THE TASK
Without any of the pictures, transcribe all the lines below exactly.

INFORMATION SHOWN
* * *
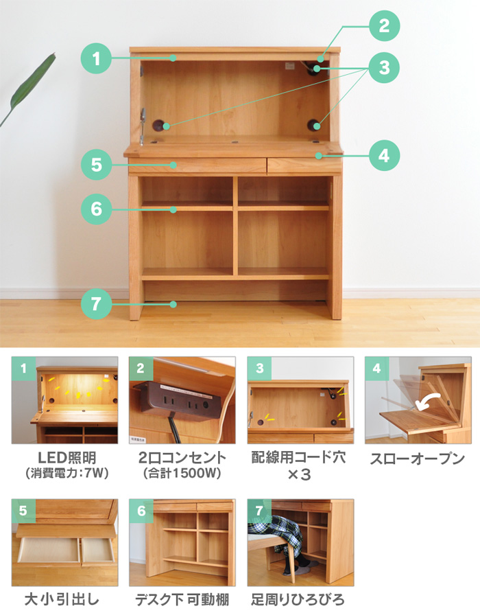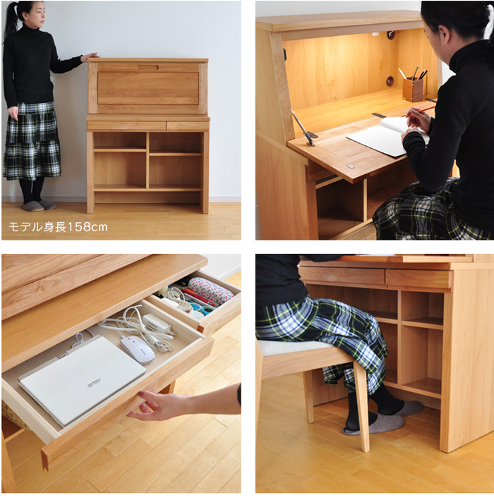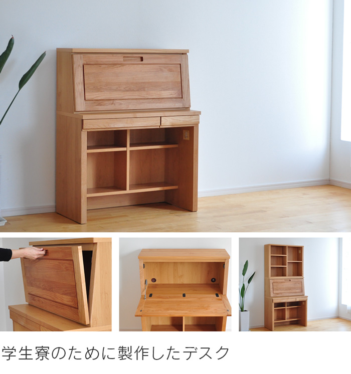 - ライティングデスク アルダー材 幅89cm May メイ デスクのみ 学習机 ライティングビューロー 天然木 ナチュラル 省スペース LED 照明付き ライト付き 収納付き 折りたたみ 無垢材 シンプル パソコンデスク 日本製 国産 テレワーク リモートワーク
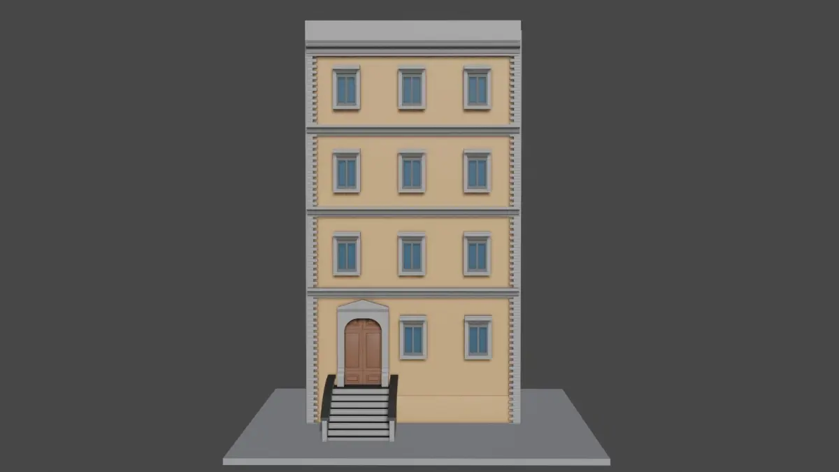 Cartoon building model using Blender program, version 3.2 low poly. This file is a building consisting of 3 floors in addition to the ground floor, decorated in a beautiful artistic way. It can be used in animation and games.
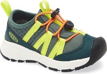 Constructed with a bumper toe and topped with stretchy bungee laces for easy-wear comfort, this breathable mesh sneaker with a grippy traction sole is as adventure-ready as your little one.
* * *
ANSWER TO THIS PROBLEM
 - ライティングデスク アルダー材 幅89cm May メイ デスクのみ 学習机 ライティングビューロー 天然木 ナチュラル 省スペース LED 照明付き ライト付き 収納付き 折りたたみ 無垢材 シンプル パソコンデスク 日本製 国産 テレワーク リモートワーク
 Cartoon building model using Blender program, version 3.2 low poly. This file is a building consisting of 3 floors in addition to the ground floor, decorated in a beautiful artistic way. It can be used in animation and games.
 Constructed with a bumper toe and topped with stretchy bungee laces for easy-wear comfort, this breathable mesh sneaker with a grippy traction sole is as adventure-ready as your little one.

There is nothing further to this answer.